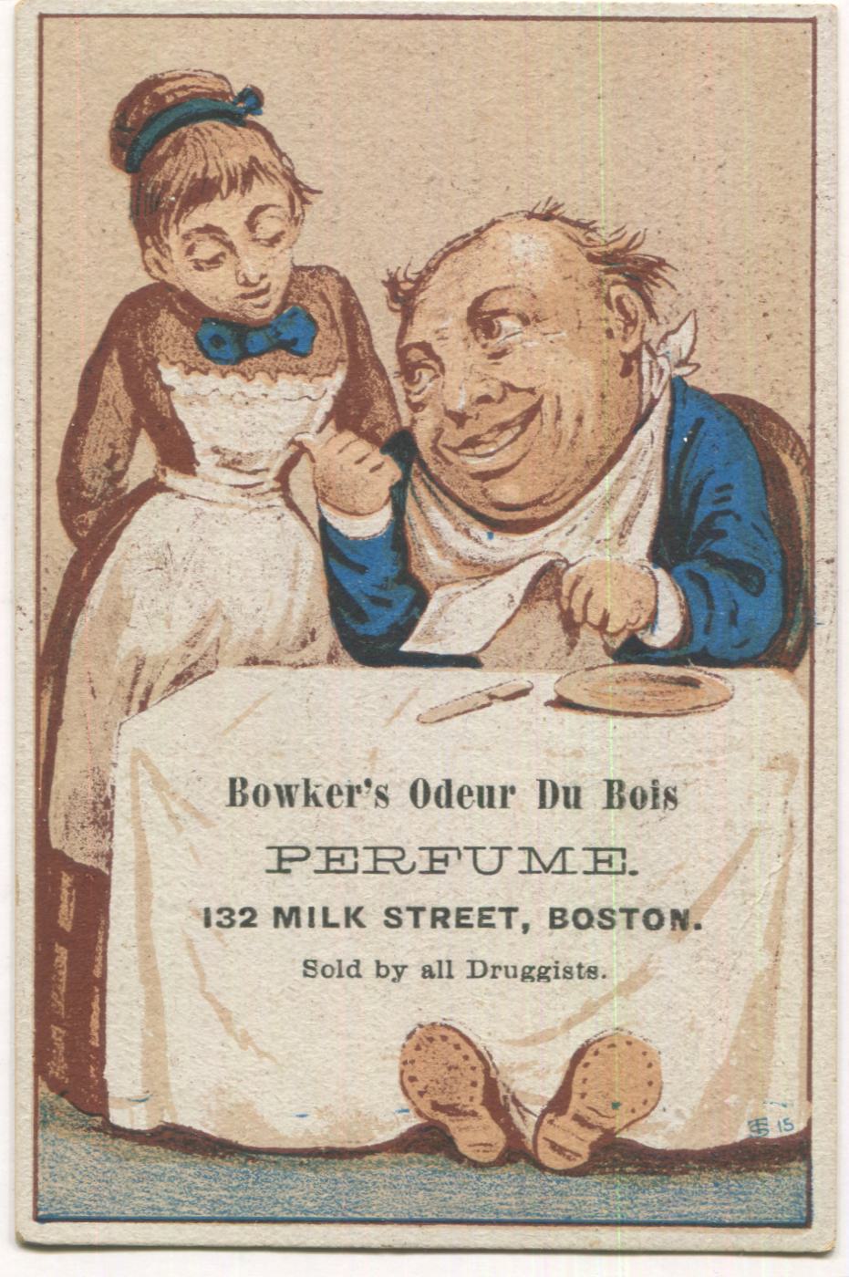 Bowker's Ordeur Du Bois Perfume, Boston, MA Antique Lithographed Trade Card
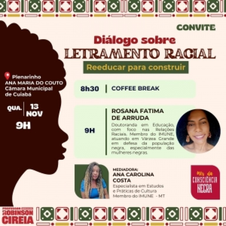 Na próxima quarta-feira, dia 13 de novembro, a Câmara Municipal de Cuiabá será palco de um importante evento promovido pelo vereador Robinson Cireia, que visa discutir e incentivar o letramento racial na sociedade. Intitulado “Diálogo sobre Letramento Racial: Reeducar para Construir”, o encontro acontecerá no Plenarinho Ana Maria do Couto, a partir das 8h30, com um coffee break de boas-vindas, seguido pelo início das palestras às 9h.
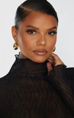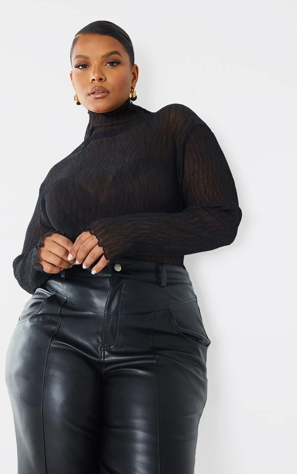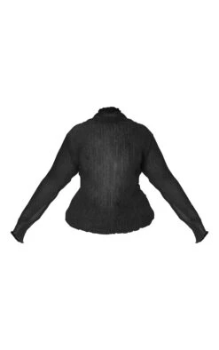 Si belle dans le coloris noir de cette blouse à l’effet plissé texturé. Avec ses fronces et son col montant, il ne manque que le pantalon en similicuir de la même couleur et une paire de sandales. Love it !
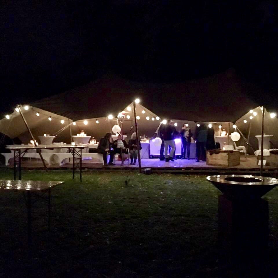 Voor extra verlichting – bijvoorbeeld aan de gevel van de tent – kunt u ook denken aan kabels met bolletjeslampen; we kunnen deze leveren met transparante en gekleurde lampen. Natuurlijk zijn kaarsen, kandelaars en windlichten ook een goede oplossing voor sfeerverlichting, bijvoorbeeld gecombineerd met lampionnen en onze statafels en slingers van Enschede Textielstad, gemaakt van reststoffen uit de productie.
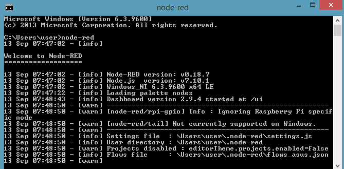 <figure><img src="https://content.gitbook.com/content/rRkxjRLeqOm0pNhLfsus/blobs/GnrNcoXTcTHpDY1hNgIU/image.png" alt=""><figcaption><p>Gambar 1. Menjalankan Node-RED</p></figcaption></figure>
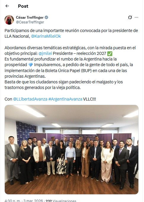 “Participamos de una importante reunión convocada por la presidente de LLA Nacional, Karina Milei. Abordamos diversas temáticas estratégicas, con la mirada puesta en el objetivo principal: Javier Milei Presidente – reelección 2027”, expresó Treffinger.
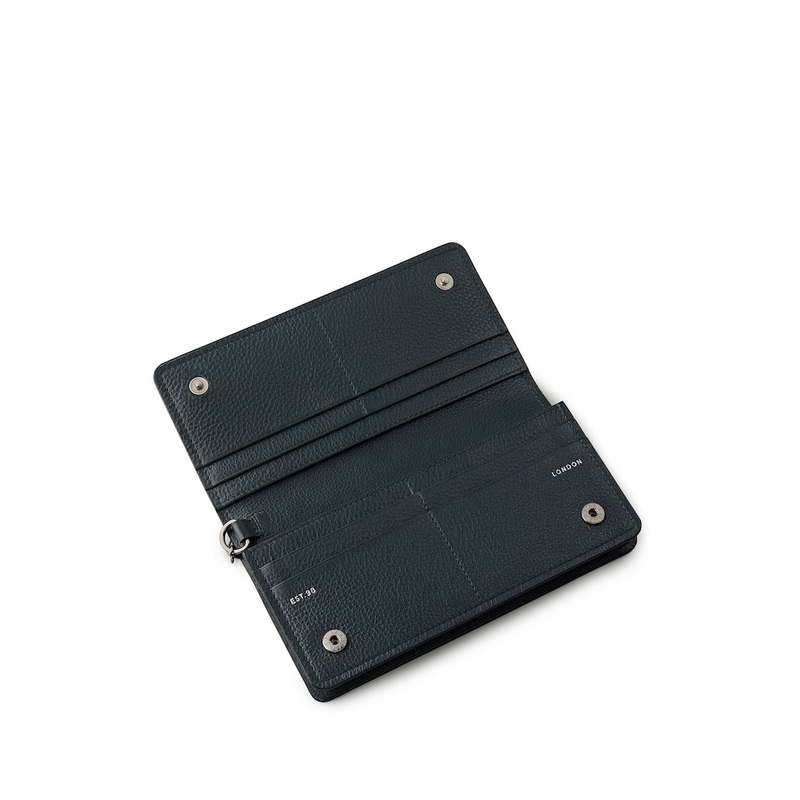 One way to make a purse even more practical is to make it a clutch bag too. Thats what our Designers did when they created the Chester Row purse, a slim, flapover shape in soft grain leather with a detachable wristlet chain strap and pocketed interiors. It puts style and functionality at the tips of your fingers. Grain leather. Detachable wristlet chain strap with T-bar fastening. Flap with leather-covered press studs. Contrast interior. Eight card slots. Zipped pocket with leather puller. Interior slip pocket with heritage mark. Foil logo. Comes with a dust bag. Main 100% Leather. Lining 65% Cotton, 35% Polyester.

* * * * * * *

● **About this task**
Keep the pictures out, and write out the rest of the data above word for word.

● **Reply**
 Bowker's Ordeur Du Bois Perfume, Boston, MA Antique Lithographed Trade Card
 Na próxima quarta-feira, dia 13 de novembro, a Câmara Municipal de Cuiabá será palco de um importante evento promovido pelo vereador Robinson Cireia, que visa discutir e incentivar o letramento racial na sociedade. Intitulado “Diálogo sobre Letramento Racial: Reeducar para Construir”, o encontro acontecerá no Plenarinho Ana Maria do Couto, a partir das 8h30, com um coffee break de boas-vindas, seguido pelo início das palestras às 9h.
 Si belle dans le coloris noir de cette blouse à l’effet plissé texturé. Avec ses fronces et son col montant, il ne manque que le pantalon en similicuir de la même couleur et une paire de sandales. Love it !
 Voor extra verlichting – bijvoorbeeld aan de gevel van de tent – kunt u ook denken aan kabels met bolletjeslampen; we kunnen deze leveren met transparante en gekleurde lampen. Natuurlijk zijn kaarsen, kandelaars en windlichten ook een goede oplossing voor sfeerverlichting, bijvoorbeeld gecombineerd met lampionnen en onze statafels en slingers van Enschede Textielstad, gemaakt van reststoffen uit de productie.
 <figure><img src="https://content.gitbook.com/content/rRkxjRLeqOm0pNhLfsus/blobs/GnrNcoXTcTHpDY1hNgIU/image.png" alt=""><figcaption><p>Gambar 1. Menjalankan Node-RED</p></figcaption></figure>
 “Participamos de una importante reunión convocada por la presidente de LLA Nacional, Karina Milei. Abordamos diversas temáticas estratégicas, con la mirada puesta en el objetivo principal: Javier Milei Presidente – reelección 2027”, expresó Treffinger.
 One way to make a purse even more practical is to make it a clutch bag too. Thats what our Designers did when they created the Chester Row purse, a slim, flapover shape in soft grain leather with a detachable wristlet chain strap and pocketed interiors. It puts style and functionality at the tips of your fingers. Grain leather. Detachable wristlet chain strap with T-bar fastening. Flap with leather-covered press studs. Contrast interior. Eight card slots. Zipped pocket with leather puller. Interior slip pocket with heritage mark. Foil logo. Comes with a dust bag. Main 100% Leather. Lining 65% Cotton, 35% Polyester.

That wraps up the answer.